Follow the security procedures of the company. Ensure a prior that the affected employee can do no damage to files, software, databases, or similar. Make sure backups are in place, just in case.
Select a room for the interview that is private, but not isolated. Be circumspect. Clear the room of anything that can be used as a weapon. We are dealing with professionals, of course, but be a professional, yourself and consider possibilities. Emotions can run high, engines can overload and redline. Ensure that the unexpected does not occur.
I recommend you either have another manager with you in the interview, or at least someone nearby who can and does hear everything said. Make it obvious that this person is there, cognizant, and available. You may need a witness to what was said. Lawsuits may follow so take notes and have the notepad clearly in front of you during the meeting.
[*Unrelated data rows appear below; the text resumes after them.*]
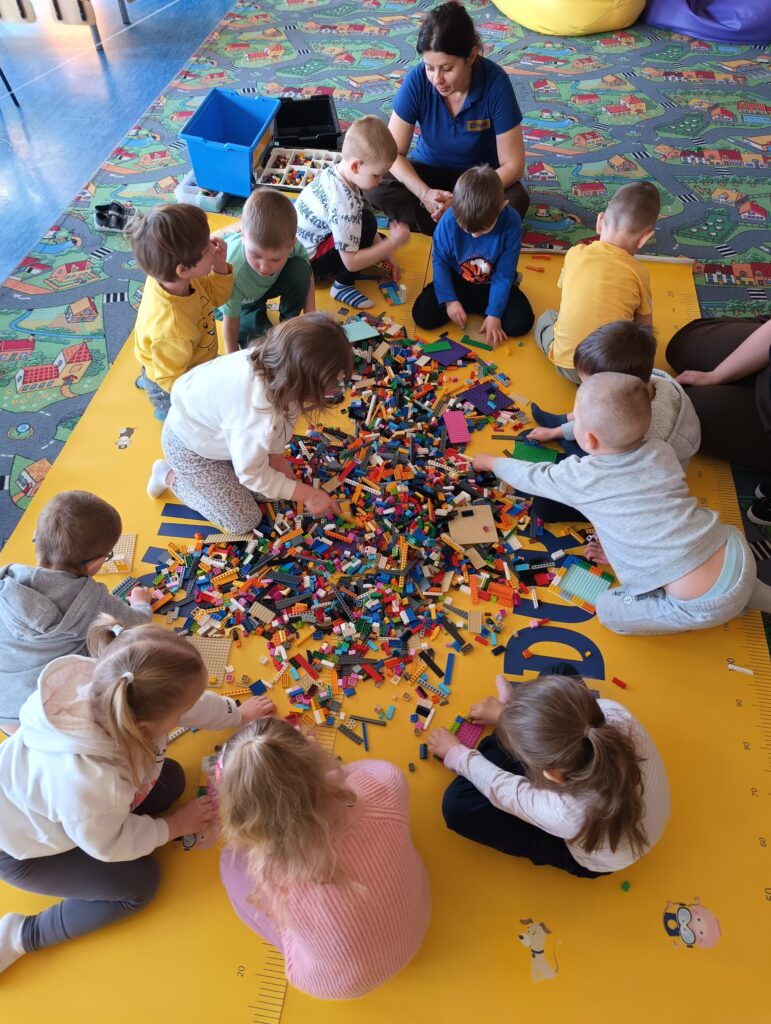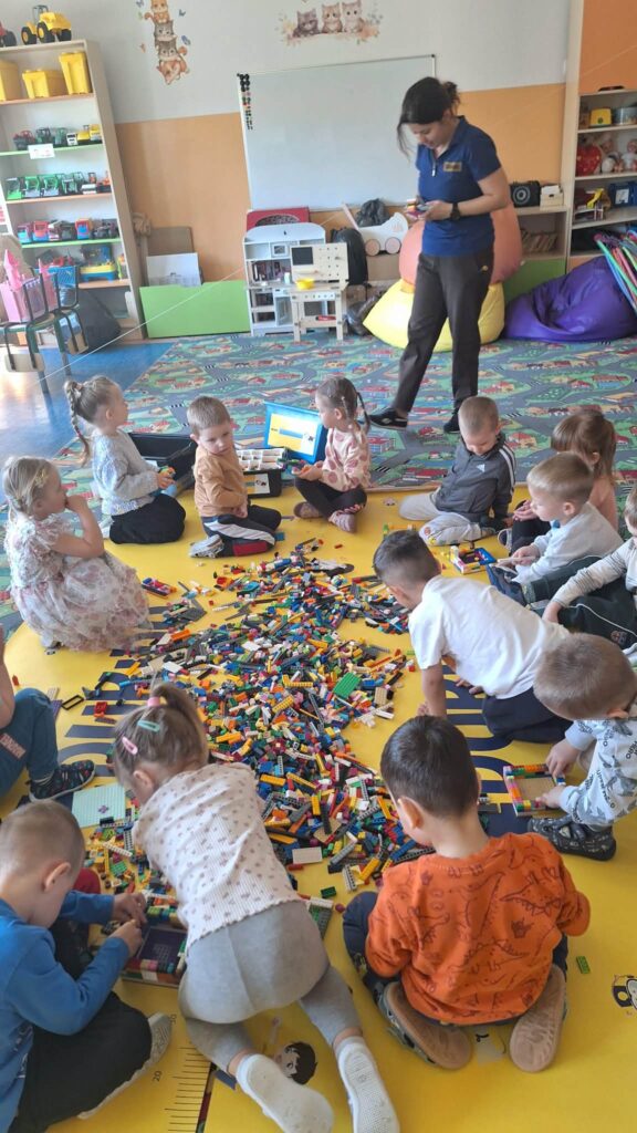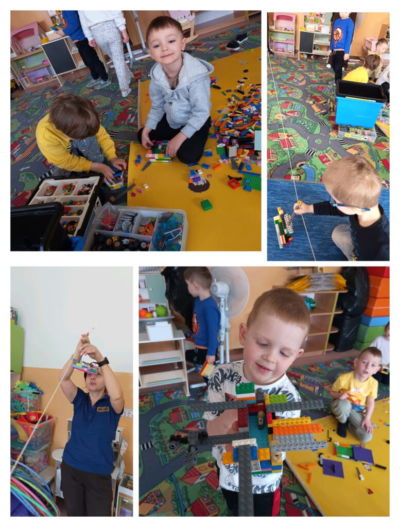 Dnia 23 kwietnia przedszkolaki miały okazje wziąć udział w warsztatach z wykorzystaniem klocków Lego. Były to zajęcia, które łączyły twórczą zabawę z nauką i rozwojem logicznego myślenia. Warsztaty rozpoczęły się krótkim wprowadzeniem, podczas którego dzieci zapoznały się z zasadami pracy. Następnie budowały konstrukcje z klocków. Na koniec każda konstrukcja zamieniała się w wagonik zjeżdżający po linie. Dzięki pracy z ulubionymi klockami dzieci budowały nie tylko konstrukcje, ale rozwijały też swoje kompetencje techniczne, społeczne i poznawcze, usprawniały cierpliwość i koncentrację uwagi. Agata Woźniak
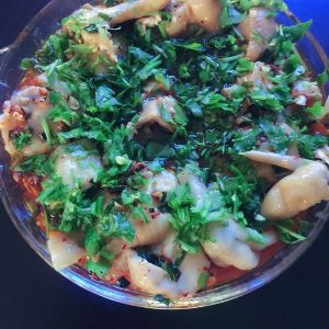把第六步拌好的油料倒入斩切好的鸡上,洒上花生米末,香菜末,可以开动咯!愉快的小聚会☺️☺️☺️
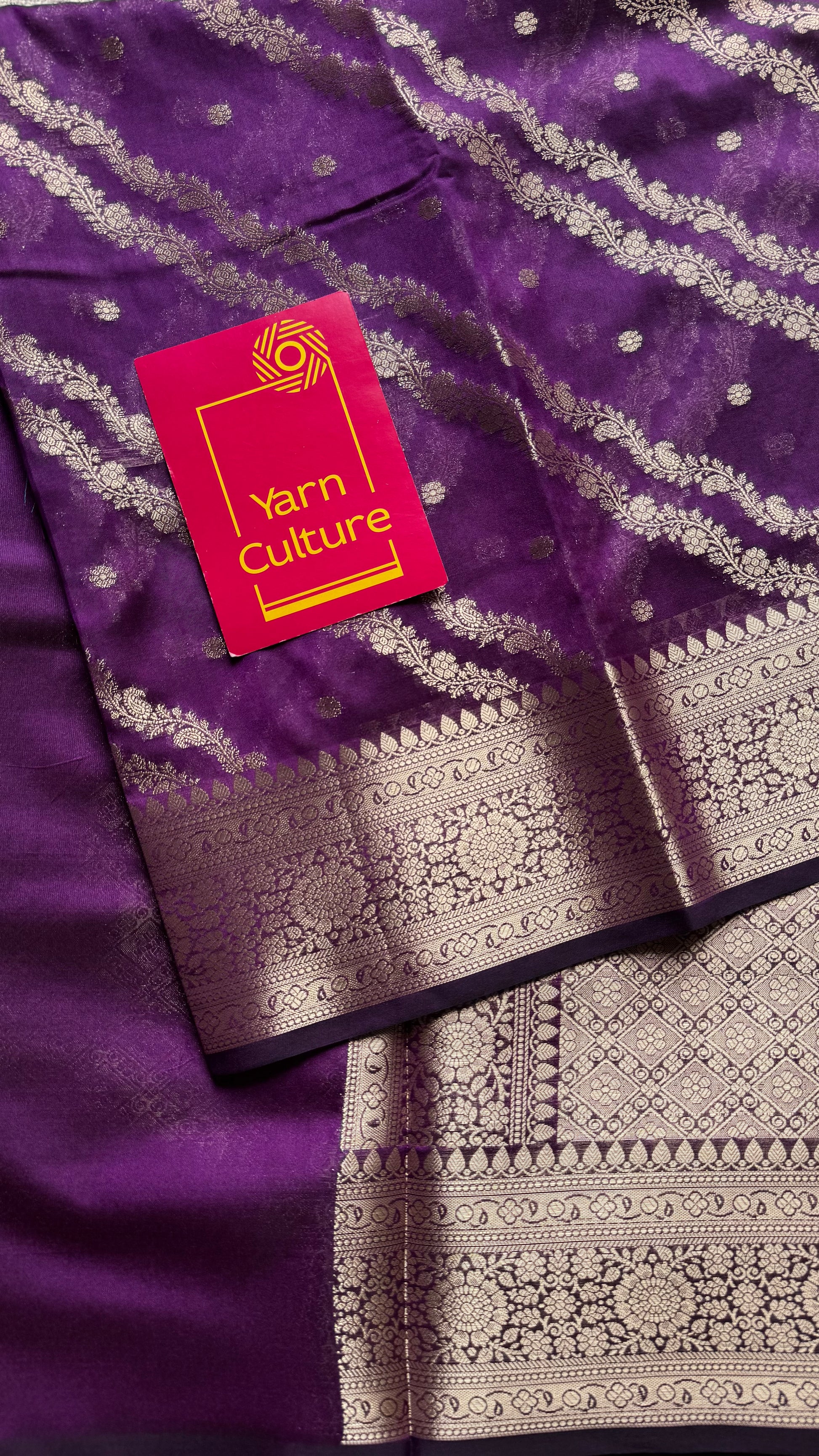 Purple floral zari, Banarasi semi-georgette - YCDESE15
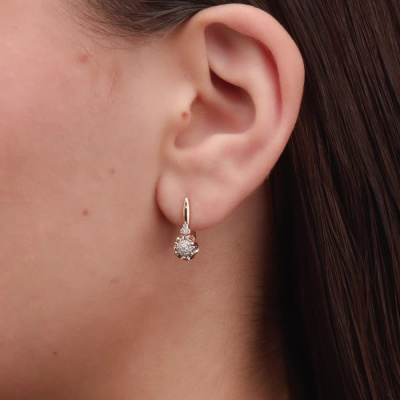 Серьги с 8 бриллиантами природными, 0.06 карат, огранка круг 57 граней, цвет 3, чистота 6, тип огранки А; 12 бриллиантами природными, 0.05 карат, огранка круг 17 граней, цвет 2, чистота 2, тип огранки А; Розовое и белое золото 585 пробы.
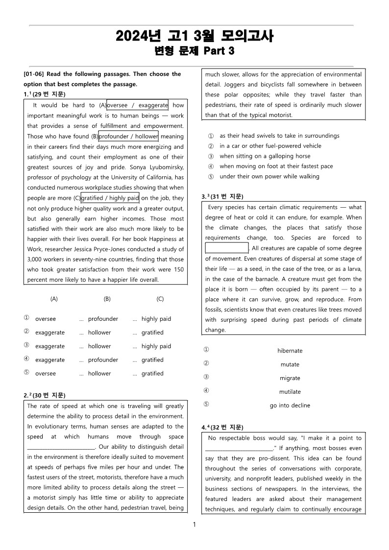 2024년 고1 3월 전국 연합 모의고사 변형 문제 Part 3 을 선보입니다.
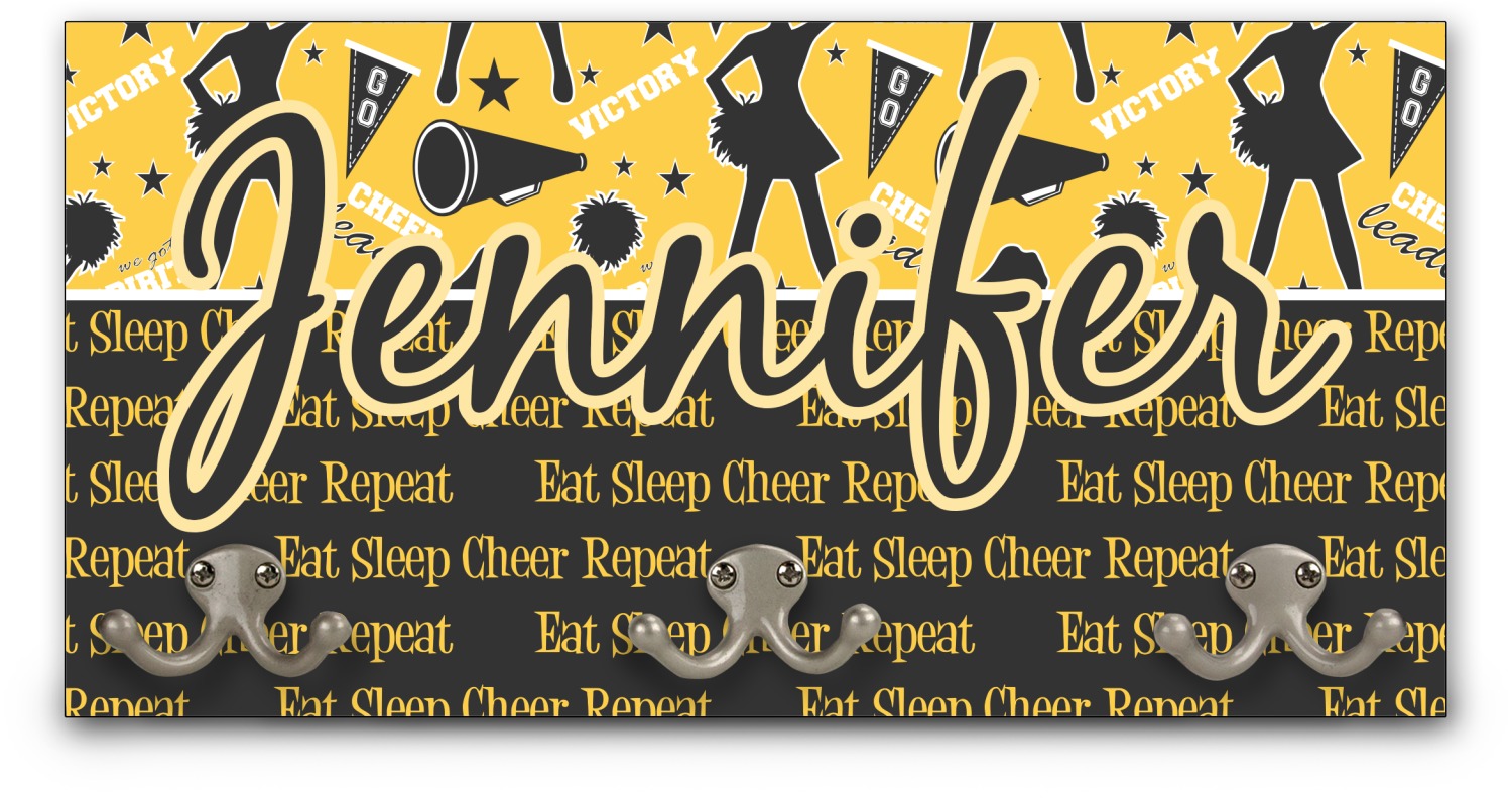This design is a fun combo with a bright yellow and black. The two colors are a great contrast to one another. The top half of the design has a cheerleader sillhouette as well as words like "cheerleader" and "victory." The bottom half has a background that says eat, sleep, cheer, repeat. Your personalization goes right in between these two backgrounds right in the middle.
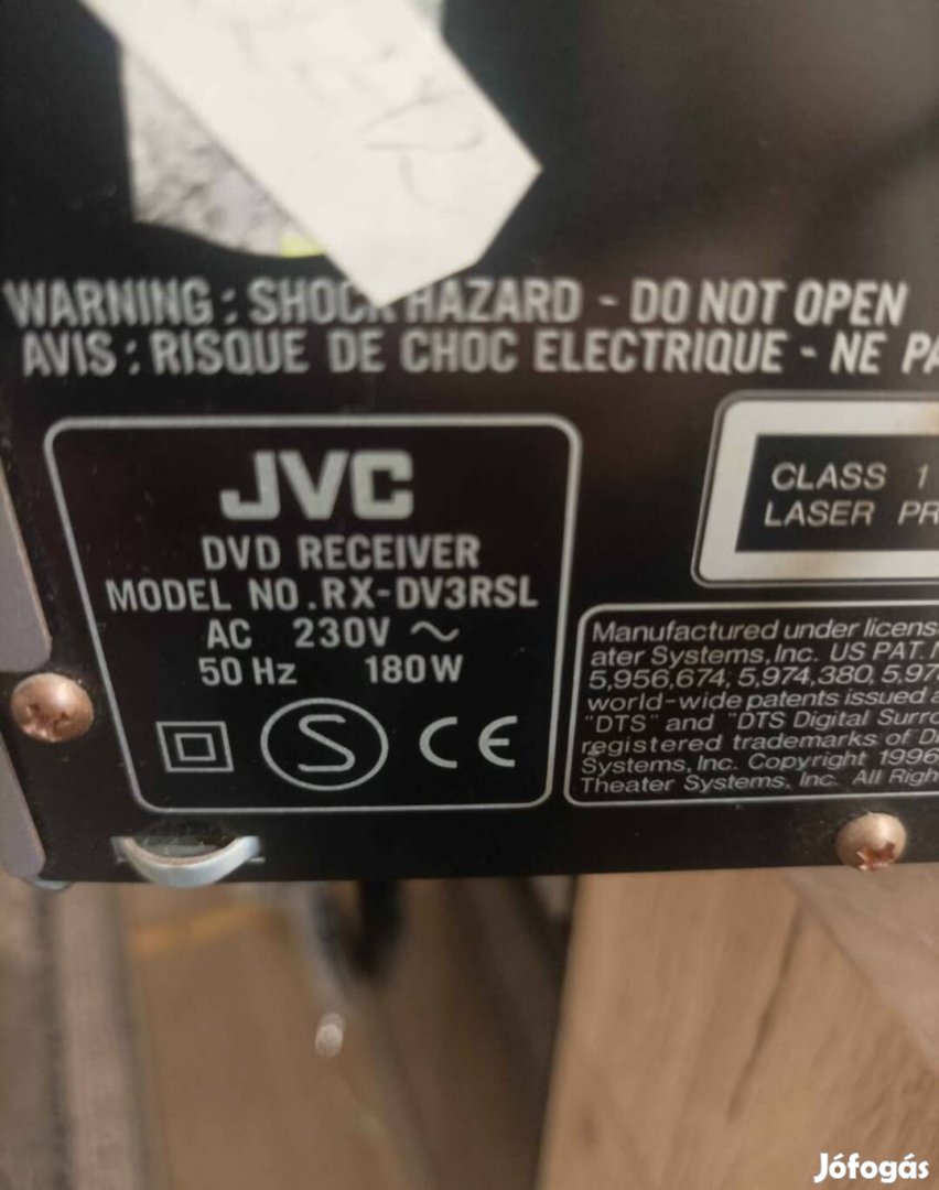 JVC RX-DV3RSL típusú DVD receiver látható. Ez egy 5.1 csatornás házimozi rendszer központi egysége, amely egy digitális progresszív pásztázású DVD-lejátszót és egy rádióerősítőt egyesít egyetlen készülékben.

Make sure the employee sees you taking notes. Have beside you your file of documentation. You do not need or want to necessarily show this documentation in this meeting (hopefully, you have gone over the file with the employee in previous meeting), but the employee needs to see that you have all the information documented. Seeing this material will set the stage that this action is not personal. It is quantified assessment. It is business only.
Come directly to the point and keep it brief. Evoke Machiavelli’s sage admonition that bad news must be delivered quickly. This is not a time to chit chat. State the facts (and only the facts). Do this as unemotionally as you can. Choose your words carefully. Say nothing inflammatory, prejudicial, or libelous. In less than three minutes, lay out the previous interviews with the employee, what the results have been, how the employee has (not) responded, and now, your final decision. End with a phrase something like, “I have made the decision to terminate you as an employee, effective immediately.” Then stop.
Expect a reaction from the employee. The employee may curse, cry, raise an alarm, sulk, or do nothing. The employee may stare with hatred or look bored. I have encountered all these reactions and more. Do not expect the employee to agree with your decision, regardless of your documentation and regardless of your prior discussions with that person. I repeat, do not expect concurrence. You will not be disappointed.
Do give the employee a chance to vent. Let the employee have his or her day in court. You should not permit abuse, but err on that side. The employee is entitled to an opinion. You have been planning this meeting a long time. The employee has not. You have prepared. The employee has not. You have chosen your words carefully. The employee has not. Consider all this. Listen to the employee’s opinion, let the employee have a say, and then end the meeting. Do not defend your actions further or respond further. There is nothing more for you to say. Do not react or become emotional. Keep it professional and business. It is not personal. Make sure you keep it that way and convey it that way.
After the meeting, follow the security procedures of the company as to how the employee vacates the premises and returns for personal possessions. In some cases, you may want to end all contact at this point. All of which is a separate issue.
As a final note, if you have outside contact with the employee, or the employee is hired by some other part of your company (which often happens in a large organization), do not expect the employee to remain “friends” with you. Earlier in my career, I somehow thought that the employee would consider, come to understand that I had made the right decision for them, come to agree with me, and eventually return to be friends. This was naïveté and expecting the impossible out of human nature. On occasions, I have had employees see me somewhere, be civil, and even remark how my decision actually helped them in some way. Regardless, they never became friends again.
Terminating an employee – the implementation is not for the faint hearted, but it is part of technology management.